The weather is going to warm up nicely, time to try the new barbeque out..









ray.


----------



## dghr272 (Jun 14, 2012)

Good luck 

Terry


----------



## HurricaneSmith (Jul 13, 2007)

Please tell us it's not a plastic barrel.

:surprise:

.


----------



## Mrplodd (Mar 4, 2008)

Now I HAVE heard of melted cheese on a beef burger, but melted Polypropylene???

Andy


----------



## raynipper (Aug 4, 2008)

Put a small disposable Bar-B-Q inside.

Ray.


----------



## rayrecrok (Nov 21, 2008)

They are for sale on Fruitcakes look for the link, only £99.99 plus vat....

ray.


----------



## Spacerunner (Mar 18, 2006)

HurricaneSmith said:


> Please tell us it's not a plastic barrel.
> 
> :surprise:
> 
> .


What could possibly go wrong?


----------



## dghr272 (Jun 14, 2012)

rayrecrok said:


> They are for sale on Fruitcakes look for the link, only £99.99 plus vat....
> 
> ray.


Barry's workshop gave it away, he's throwing in a free roll of duct tape to keep the lid closed.

Terry


----------



## barryd (May 9, 2008)

dghr272 said:


> Barry's workshop gave it away, he's throwing in a free roll of duct tape to keep the lid closed.
> 
> Terry


I have a workshop?
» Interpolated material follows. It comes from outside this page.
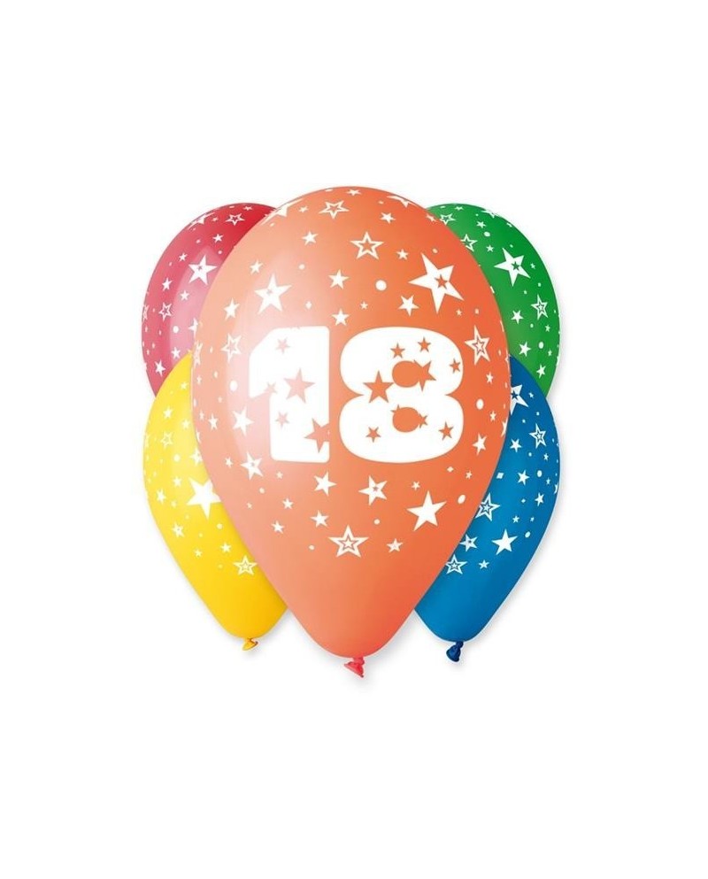 Rôznofarebné latexové balóniky s číslicou 18 a hviezdami sú ideálnym doplnkom oslavy 18. narodenín.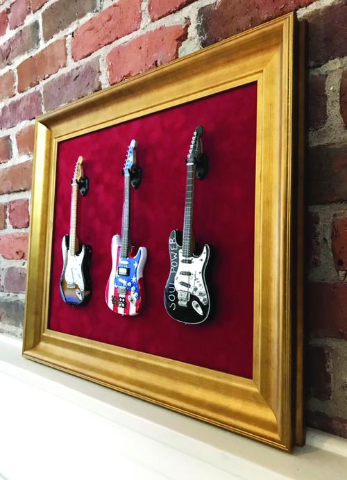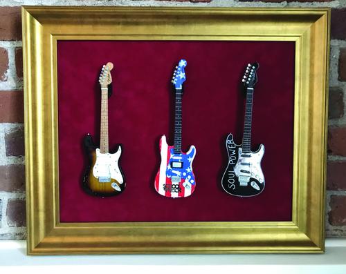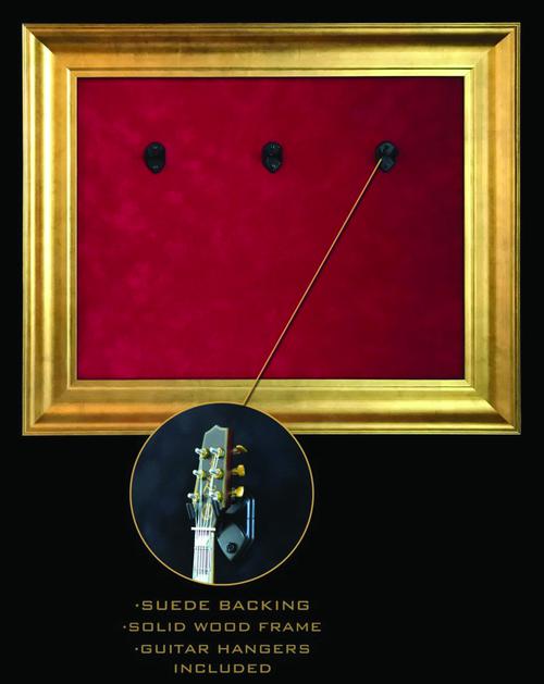 22 X 18 Mini Guitar Display Frame Red Suede Gold Frame Holds 3 Models

Feck me! Where is it?


----------



## JanHank (Mar 29, 2015)

rayrecrok said:


> The weather is going to warm up nicely, time to try the new barbeque out..
> 
> 
> 
> ...


Surely thats an oil drum, like ours.


----------



## dghr272 (Jun 14, 2012)

JanHank said:


> Surely thats an oil drum, like ours.


But yours is metal Jan, doh.

Terry


----------



## JanHank (Mar 29, 2015)

dghr272 said:


> But yours is metal Jan, doh.
> 
> Terry


How'd ya know that´s plastic.


----------



## JanHank (Mar 29, 2015)

You wouldn't be having a BBQ in our garden today or the next 2 days according to the forecast, everything would end up either in the field or 3 doors away, t is SO windy.


----------



## aldra (Jul 2, 2009)

Weather forecast next week in the mid twenties 

A bit of gardening methinks 

Sandra


----------



## 747 (Oct 2, 2009)

aldra said:


> Weather forecast next week in the mid twenties
> 
> A bit of gardening methinks
> 
> Sandra


A bit of motorhoming for us Sandra, sod the garden. >


----------



## aldra (Jul 2, 2009)

We have the decorators in so that’s out for us

Plus we haven’t had that leak sorted, we’ve a good idea where it is though , just need to get Mike down to fix it 

Sandra


----------